National Arab American Medical Association
- Formation: 1975
- Type: professional association
- Headquarters: Troy, Michigan
- Location: United States;
- Members: 2,274
- Official language: English, Arabic
- President: Rodwan K. Rajjoub, M.D., F.A.C.S
- Key people: President-elect Saad Bitar, M.D., Foundation Chair Subhi Ali, M.D.

= National Arab American Medical Association =

The National Arab American Medical Association (NAAMA) is the largest international organization of Arab American physicians and medical students based in the United States. NAAMA was founded as the Arab American Medical Association (AAMA) in 1975 in California by Dr. Kamal Batniji, M.D., as a non-profit, nonpolitical, educational institution seeking to educate and strengthen the ties between people of Arab descent working in various medical fields. In 1980 NAAMA became a national entity, and in 1983 C. Fredrick Milkie, M.D. became the first elected president of the organization. Since that time twenty-seven chapters have been established in the United States and Canada. In 1990 the NAAMA Foundation was created in order to support international medical assistance projects, educational exchanges, scholarships, research grants, and emergency medical aid in areas of conflict.

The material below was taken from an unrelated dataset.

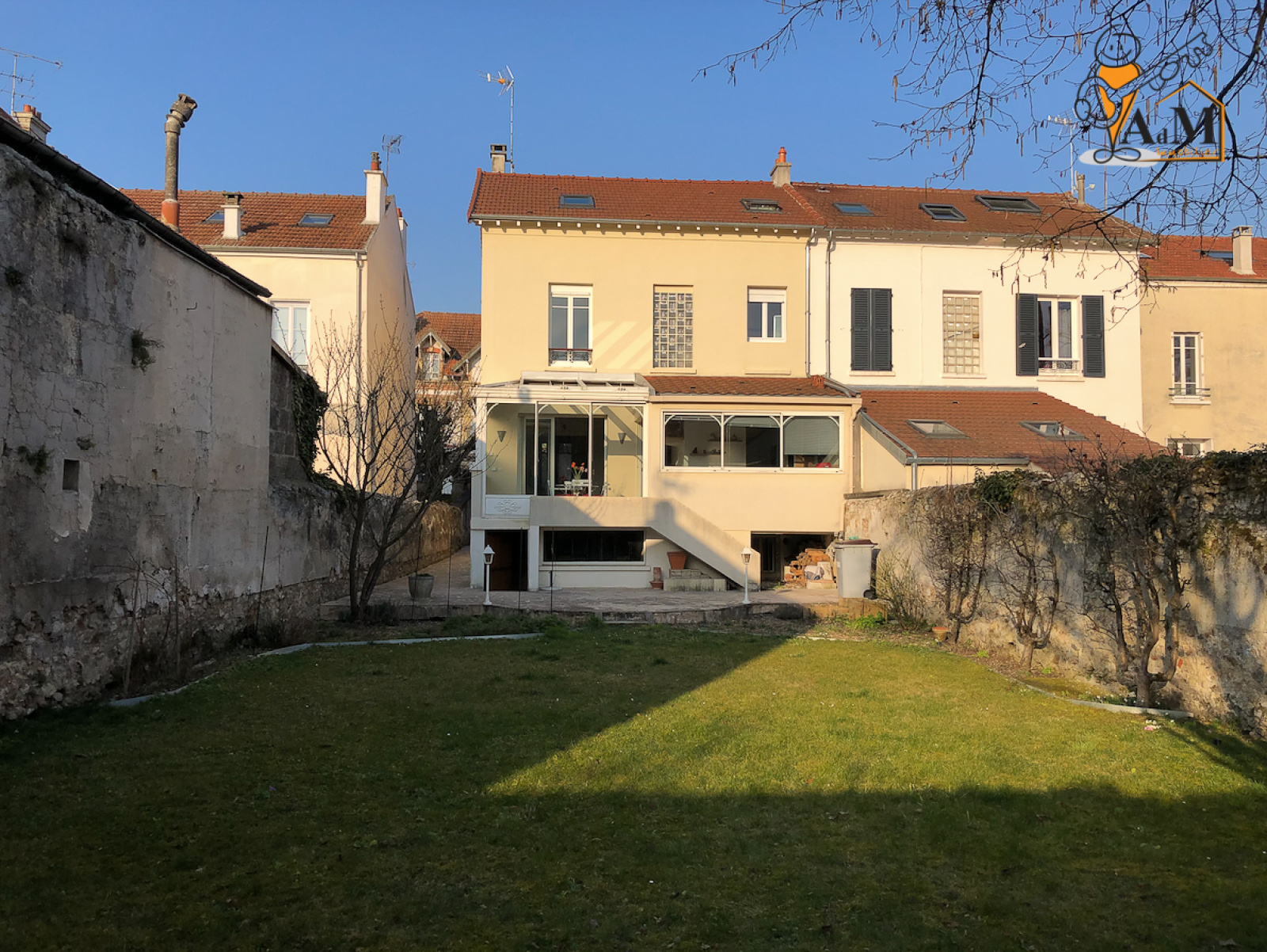 Le tout édifié sur une parcelle de 403 m2 clos par murs, jardin exposé SUD, sous sol total compartimenté en une buanderie, cave à vin et atelier.

The organization is affiliated with the American Medical Association(AMA).

==History==
- 1975: Incorporated in California by Dr. Kamal Batniji, M.D.
- 1978: First International Convention held in Baghdad, Iraq.
- 1979: First National Convention held in Las Vegas, Nevada.
- 1980: Organization switches names from the Arab American Medical Association (AAMA) to the National Arab American Medical Association (NAAMA).
- 1983: First elected president, C. Fredrick Milkie, M.D.
- 1990: The NAAMA Foundation is chartered.
- 1997: First International Symposium held in Damascus, Syria.

==The NAAMA Foundation==
Tha NAAMA Foundation was formed in 1990 as a vehicle to assist with medical assistance projects, educational exchanges, scholarships, research grants, and emergency medical aid in conflict zones. The foundation has an independent board of directors (liaisons) that run the organization as a separate entity apart from NAAMA.

Internationally, the foundation sponsors projects, focusing on the Arab world. The Foundation provides assistance to Palestinians in Jordan, Lebanon, and Syria, as well as the Occupied Territories; it has also sponsored humanitarian projects in Iraq in the wake of the Iraq War.

In the United States the foundation supports professional and educational activities aimed at Arab American health education and disease prevention in cooperation with the community-based organizations. The foundation has also supported social and human service organizations such as the Community Health Center built by the Arab Community Center for Economic and Social Services (ACCESS) in Dearborn, Michigan; members have also donated their time and money to help the relief efforts following Hurricanes Katrina and Rita.

==Membership==
As of November 2009 there are 2,274 members in NAAMA.

Membership is divided into seven categories and is open to all persons of Arab descent that are medical students, medical scholars, physicians, retired medical personnel, and family members of any of the aforementioned groups. Annual dues are collected from each member and vary by membership category and chapter affiliation.